= DATASET ENTRIES =
□ □ □

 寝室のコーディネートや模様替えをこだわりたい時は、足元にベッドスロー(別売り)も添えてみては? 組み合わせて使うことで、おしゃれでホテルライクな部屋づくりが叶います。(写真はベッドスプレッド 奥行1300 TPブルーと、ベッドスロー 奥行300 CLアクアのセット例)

□ □ □

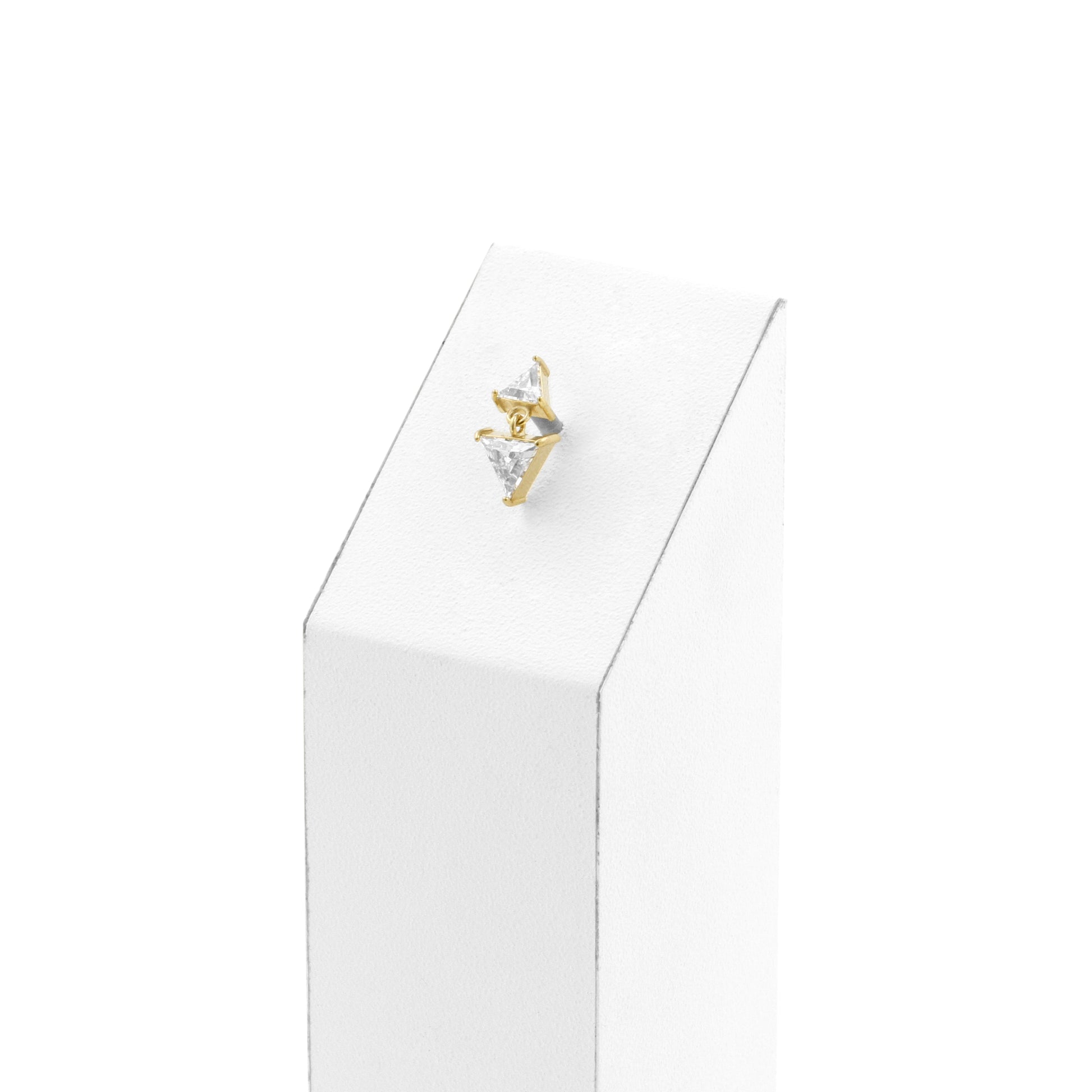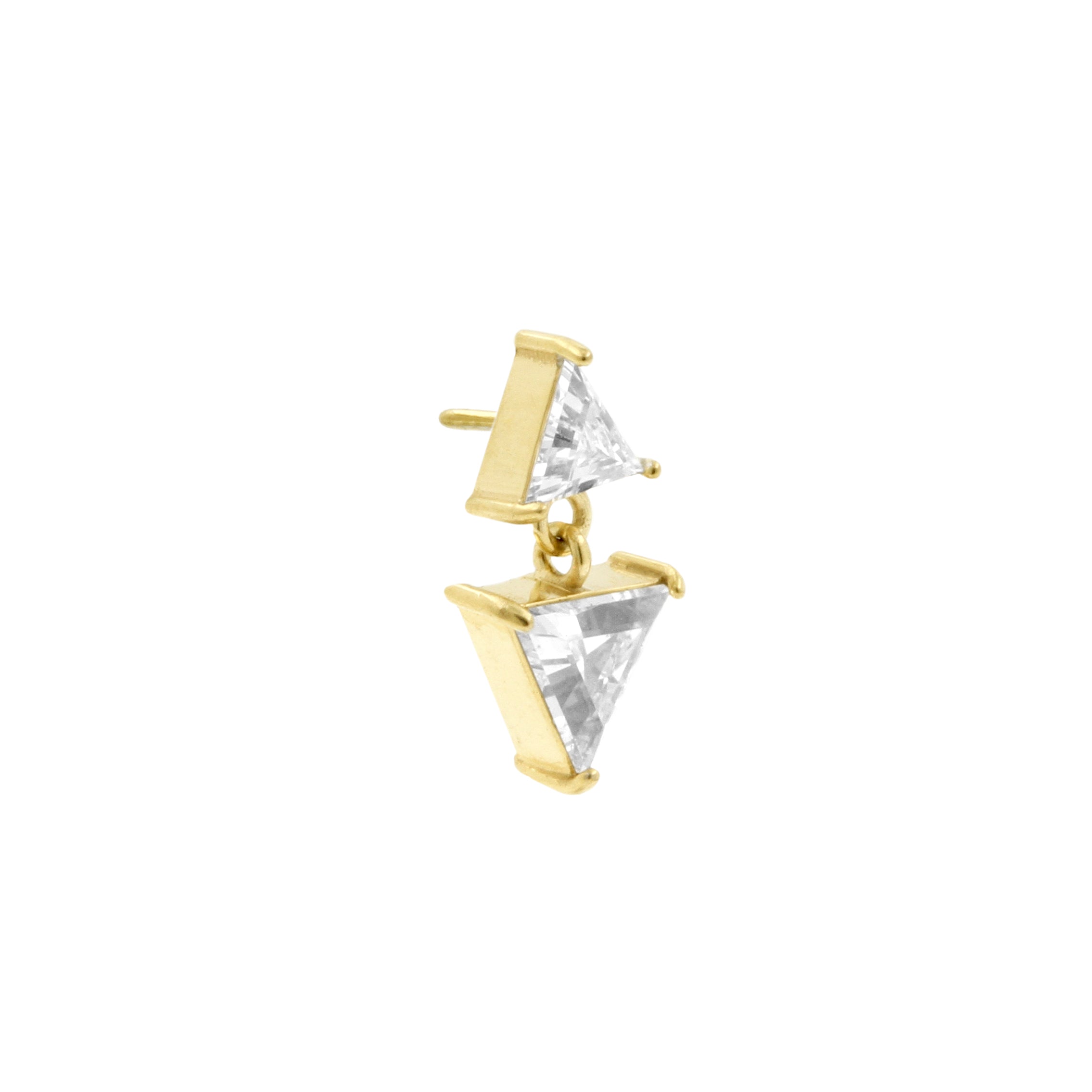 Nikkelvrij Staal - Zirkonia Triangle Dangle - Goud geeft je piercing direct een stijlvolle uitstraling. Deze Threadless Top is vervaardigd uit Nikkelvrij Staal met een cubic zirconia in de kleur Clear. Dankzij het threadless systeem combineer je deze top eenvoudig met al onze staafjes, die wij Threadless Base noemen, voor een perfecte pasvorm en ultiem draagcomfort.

□ □ □

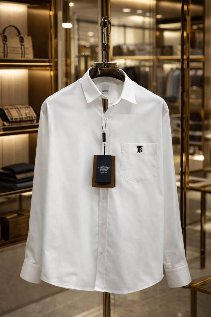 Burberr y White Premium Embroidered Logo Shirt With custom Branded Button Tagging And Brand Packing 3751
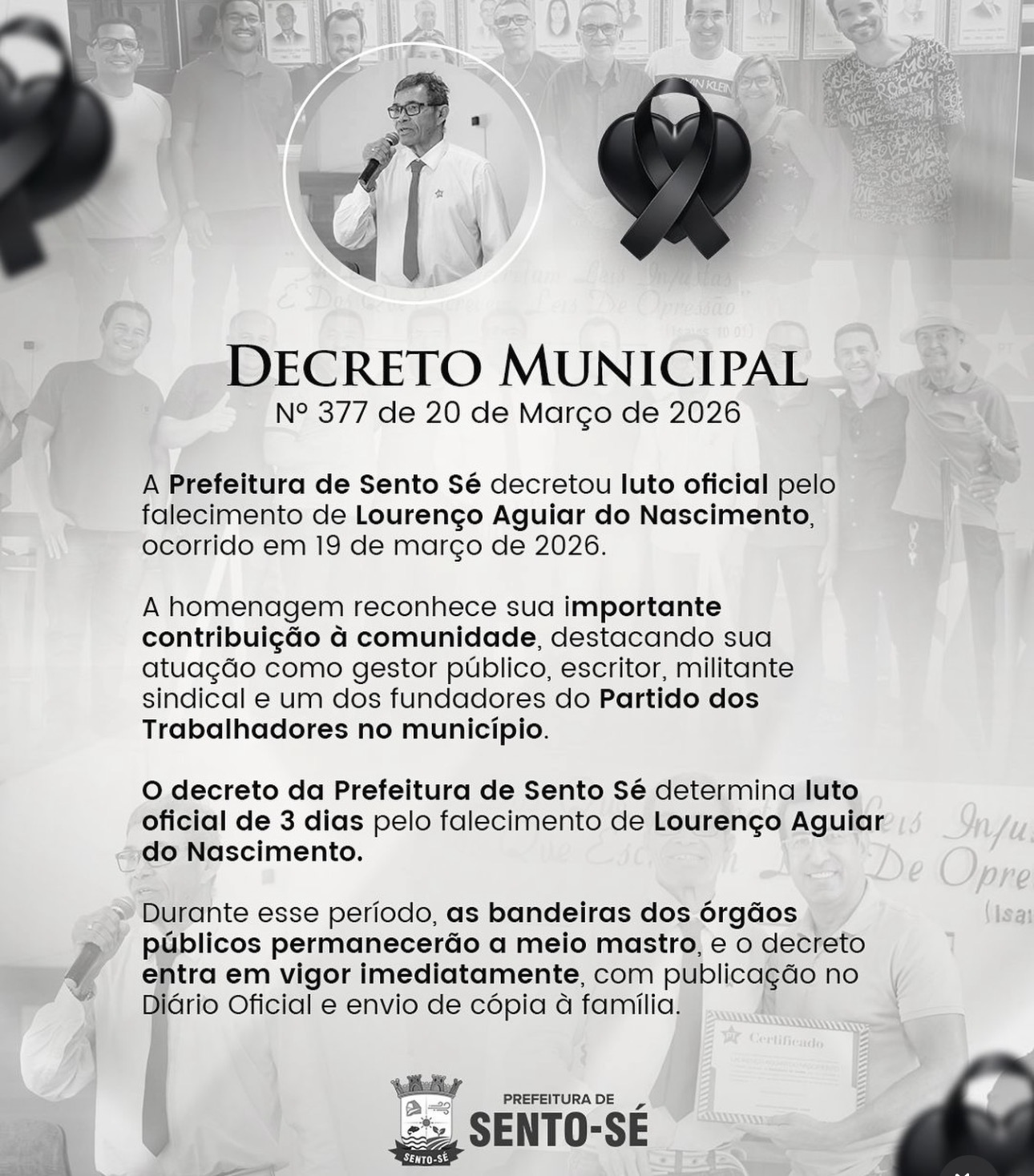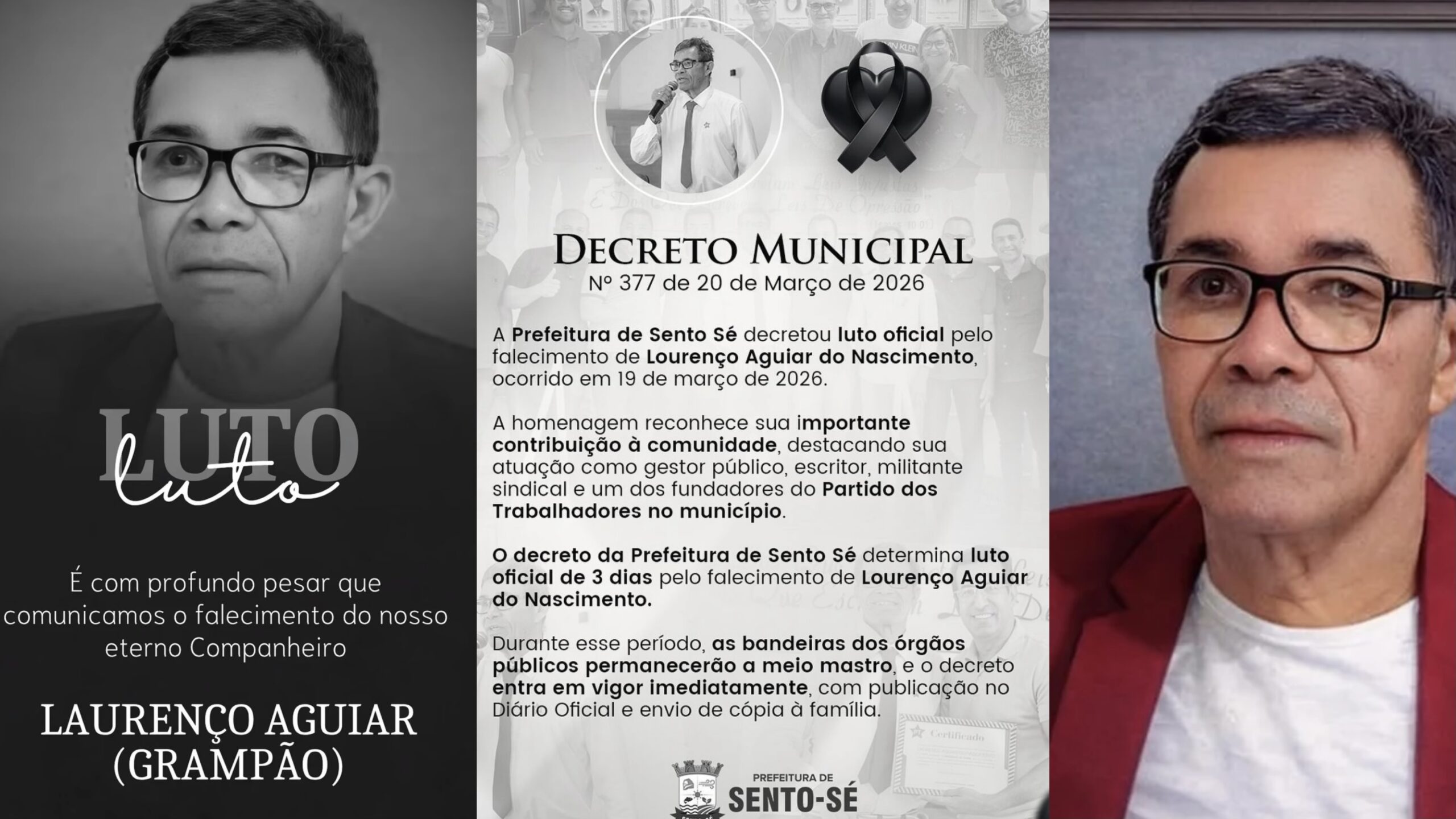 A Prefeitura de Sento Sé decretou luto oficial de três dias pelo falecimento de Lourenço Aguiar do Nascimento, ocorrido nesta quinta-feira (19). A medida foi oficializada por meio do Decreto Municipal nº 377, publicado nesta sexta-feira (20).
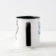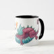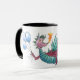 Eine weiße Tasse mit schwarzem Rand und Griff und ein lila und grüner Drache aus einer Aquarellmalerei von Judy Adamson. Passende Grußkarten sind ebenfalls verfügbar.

□ □ □

= EXERCISE =
Within the material above, only the stretch from the line holding "Burberr y White" through the line holding "Eine weiße Tasse" is to be restated exactly. Pictures are dropped.

= RESPONSE =
 Burberr y White Premium Embroidered Logo Shirt With custom Branded Button Tagging And Brand Packing 3751
 A Prefeitura de Sento Sé decretou luto oficial de três dias pelo falecimento de Lourenço Aguiar do Nascimento, ocorrido nesta quinta-feira (19). A medida foi oficializada por meio do Decreto Municipal nº 377, publicado nesta sexta-feira (20).
 Eine weiße Tasse mit schwarzem Rand und Griff und ein lila und grüner Drache aus einer Aquarellmalerei von Judy Adamson. Passende Grußkarten sind ebenfalls verfügbar.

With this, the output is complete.